Output, exactly as written, the lines below from the one that has "據(jù)了解,早在10月2" through the one that has "现在本体售价原价是38元,但"; nothing else, and no pictures.
-- Opening Marker --
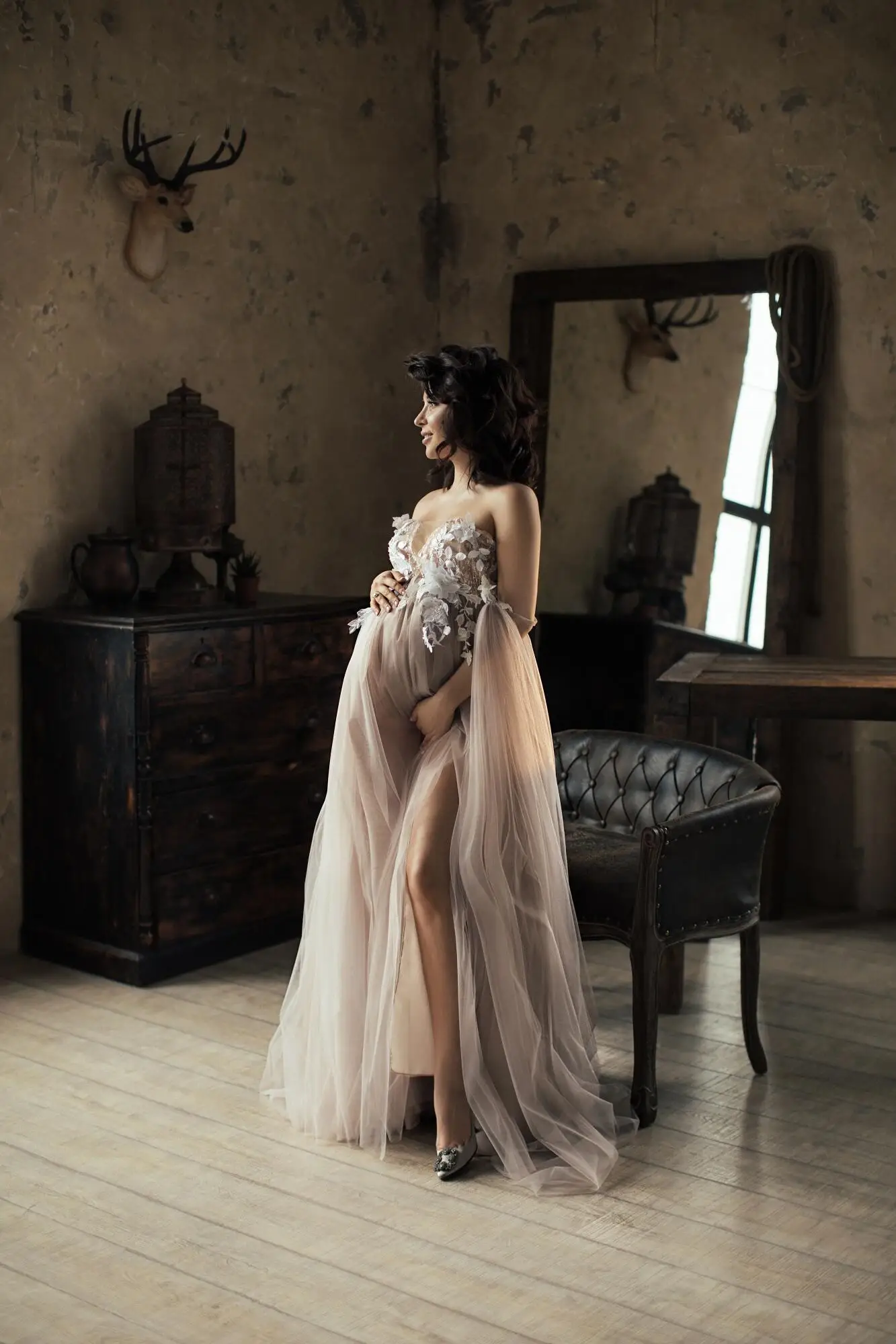Халат небесно-голубой для беременных, женское длинное фатиновое платье, одежда для сна для фотосессии, дня рождения, вечеривечерние, на заказ
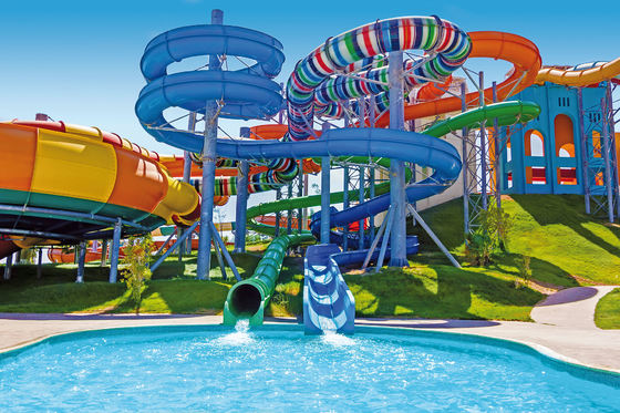 Customized Colorful Fiberglass Water Park Slide for Resort Hotels Ending with Pool 1
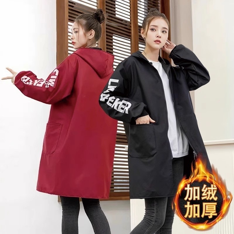冬季加绒罩衣大人加厚长袖围裙防水韩版女时尚外套家用工作服定制
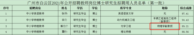 近日,广州市白云区教育局公布了一份2021年公开招聘教师岗位博士研究生拟聘用人员名单,其中一人因其拥有副教授职称而格外受到关注。
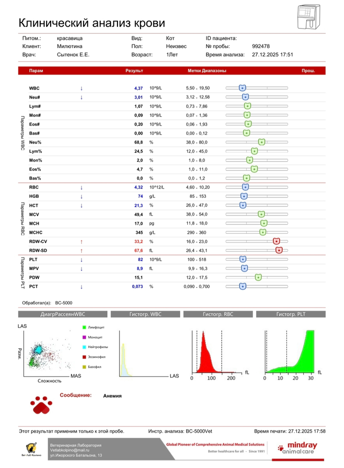 Лейкоциты понижены, сразу сдали экспресс тест на панлейку, отрицательный, сдали на железо.
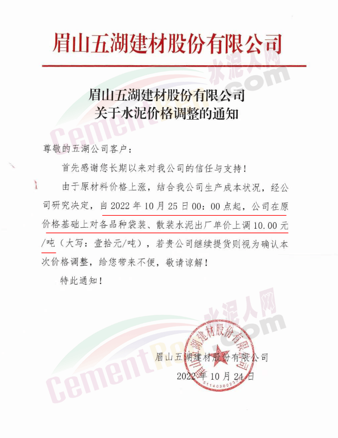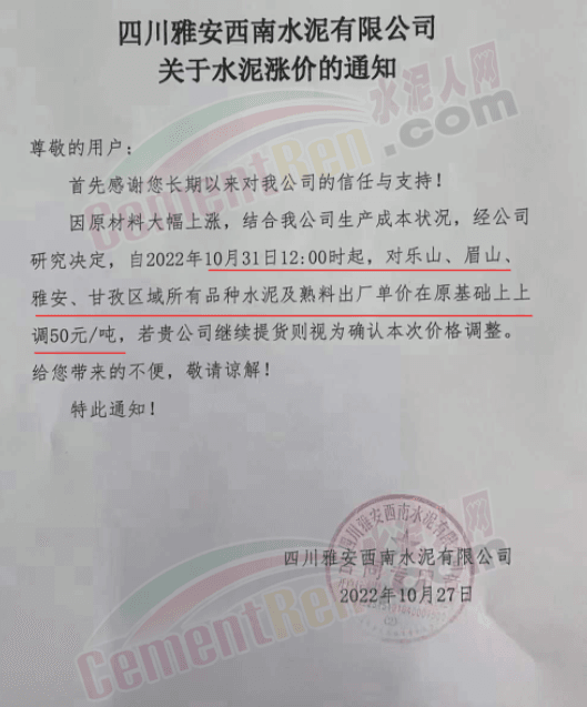 據(jù)了解,早在10月25日,包括粉磨站在內的多家水泥企業(yè)曾經(jīng)通知上調水泥價格10元/噸。
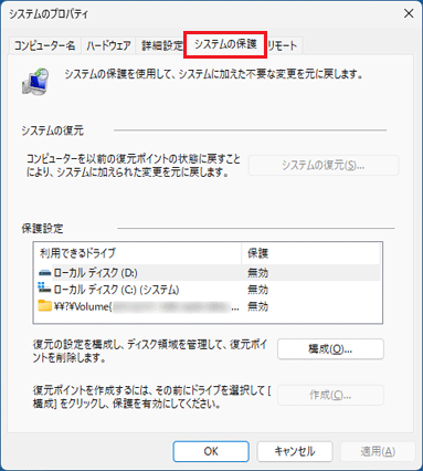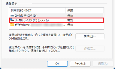 - 「システム保護対象 ローカルディスク(C:)」と表示されます。
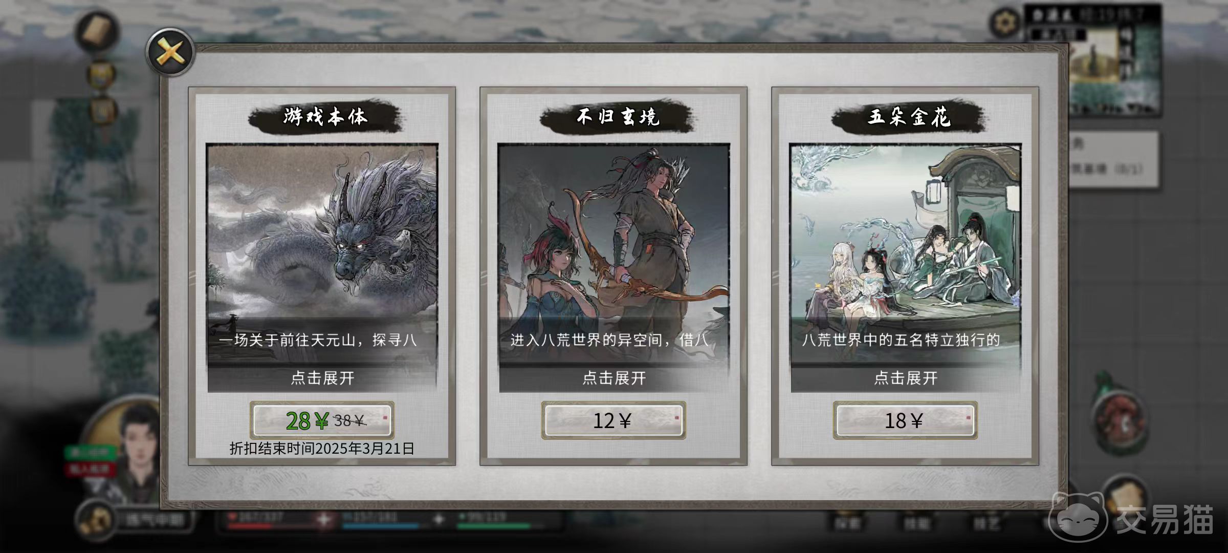 现在本体售价原价是38元,但是目前正在处于首发折扣优惠期之内,这个优惠期长达三个月,涵盖暑假和春节,所以学生玩家假期加入进来也完全合适。折扣价格为28元,已经非常优惠,至于另外的DLC售价,目前一共有两个,因为不归玄境出现时间早一些,所以现在12元就能拿下,五朵金花则是全新推出的内容,所以需要18元。这两个dlc都是互相独立,是游戏原版附加内容。
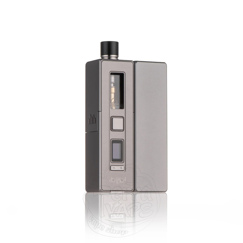 Корпус выполнен из алюминия (легкого, но прочного материала) и имеет привычную для формата AIO прямоугольную форму с острыми гранями и прямыми углами, что придает девайсу минималистичный и аккуратный вид. Дизайн девайса от Дотмода как всегда радует глаза своей сдержанностью, не перегружая девайс излишком декорирования и брендирования. На лицевой стороне девайса находится кнопка Fire, имеющая квадратную форму, дисплей и кнопки управления.
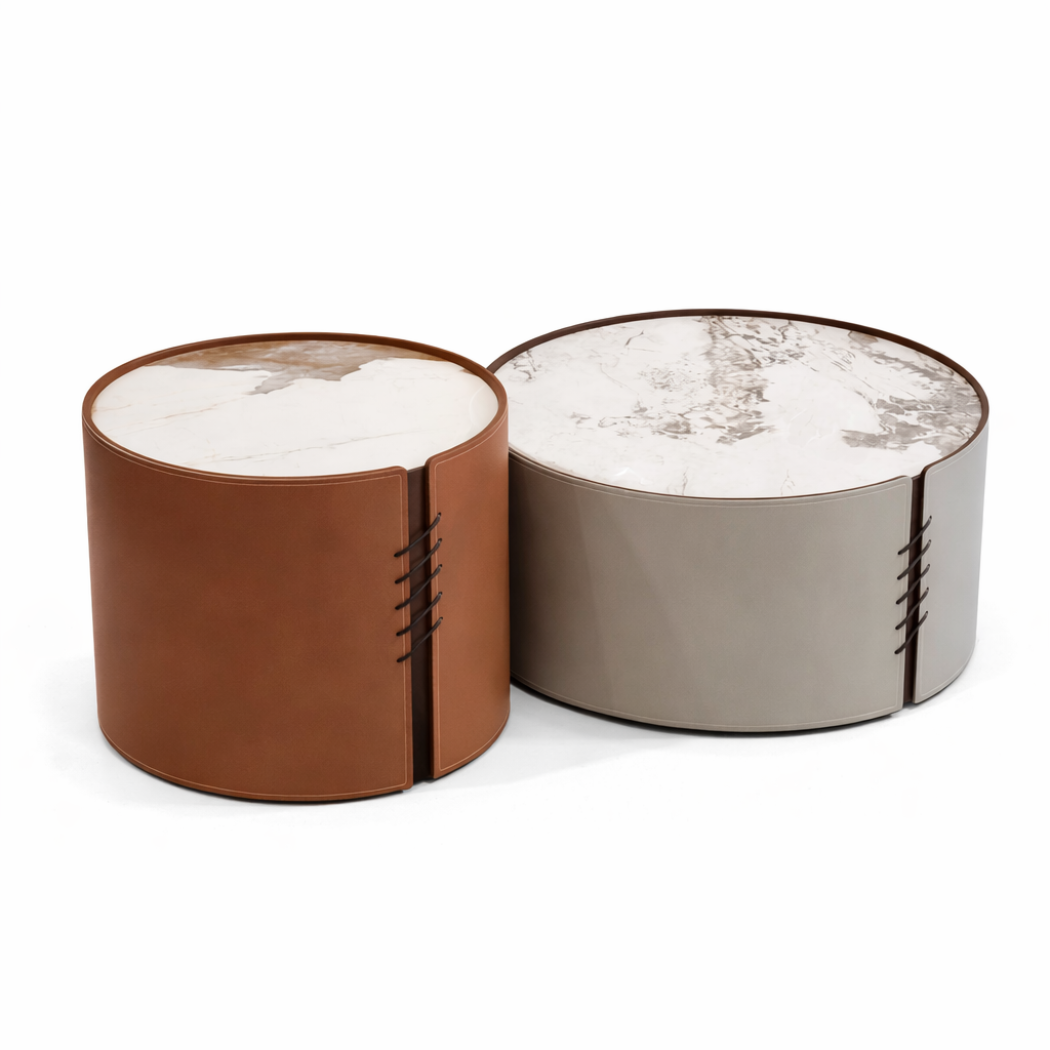 הסט כולל שני שולחנות סלון בגדלים שונים המאפשרים שימוש גמיש ונוח. ניתן להציב אותם יחד כסט מרכזי המעניק עומק ועניין לחלל, או להפריד ביניהם ולמקם כל שולחן באזור אחר בבית בהתאם לצורך.
-- Closing Marker --
**ANSWER TO THE PROBLEM:**
 據(jù)了解,早在10月25日,包括粉磨站在內的多家水泥企業(yè)曾經(jīng)通知上調水泥價格10元/噸。
 - 「システム保護対象 ローカルディスク(C:)」と表示されます。
 现在本体售价原价是38元,但是目前正在处于首发折扣优惠期之内,这个优惠期长达三个月,涵盖暑假和春节,所以学生玩家假期加入进来也完全合适。折扣价格为28元,已经非常优惠,至于另外的DLC售价,目前一共有两个,因为不归玄境出现时间早一些,所以现在12元就能拿下,五朵金花则是全新推出的内容,所以需要18元。这两个dlc都是互相独立,是游戏原版附加内容。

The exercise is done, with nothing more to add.